- Location of Bumusa County (bottom left, pink) in Hormozgan province
- Location of Hormozgan province in Iran
- Coordinates: 26°08′30″N 54°45′30″E﻿ / ﻿26.14167°N 54.75833°E
- Country: Iran
- Province: Hormozgan
- Capital: Abu Musa
- Districts: Central, Tunb

Population (2016)
- • Total: 7,402
- Time zone: UTC+3:30 (IRST)

= Abumusa County =

County in Hormozgan province, Iran

Bumusa County (شهرستان بوموسی) is in Hormozgan province, Iran.

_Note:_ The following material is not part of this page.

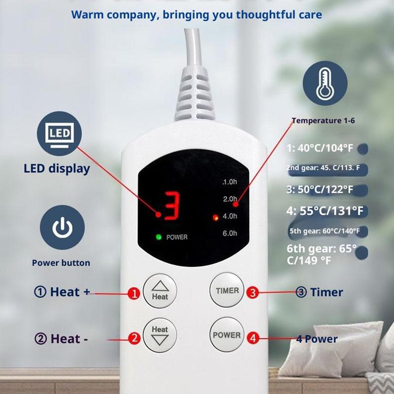 Personaliza tu comodidad con seis ajustes de temperatura que van de 40 °C a 65 °C (104 °F - 149 °F). El controlador LED intuitivo le permite elegir la intensidad perfecta para sus necesidades, mientras que los cuatro ajustes del temporizador de apagado automático (1 h, 2 h, 4 h, 6 h) garantizan la seguridad y la eficiencia energética durante un uso prolongado.

It consists of six islands in the Persian Gulf: Abu Musa, Sirri Island, the Greater and Lesser Tunbs, Faror Island and Little Faror. Its capital is the city of Abu Musa.

==History==
After the 2006 National Census, Sirri Rural District was created in the Central District. After the 2016 census, the village of Tunb-e Bozorg was elevated to the status of a city.

==Demographics==
===Population===
At the time of the 2006 census, the county's population was 1,860 in 505 households. The following census in 2011 counted 5,263 people in 679 households. The 2016 census measured the population of the county as 7,402 in 924 households.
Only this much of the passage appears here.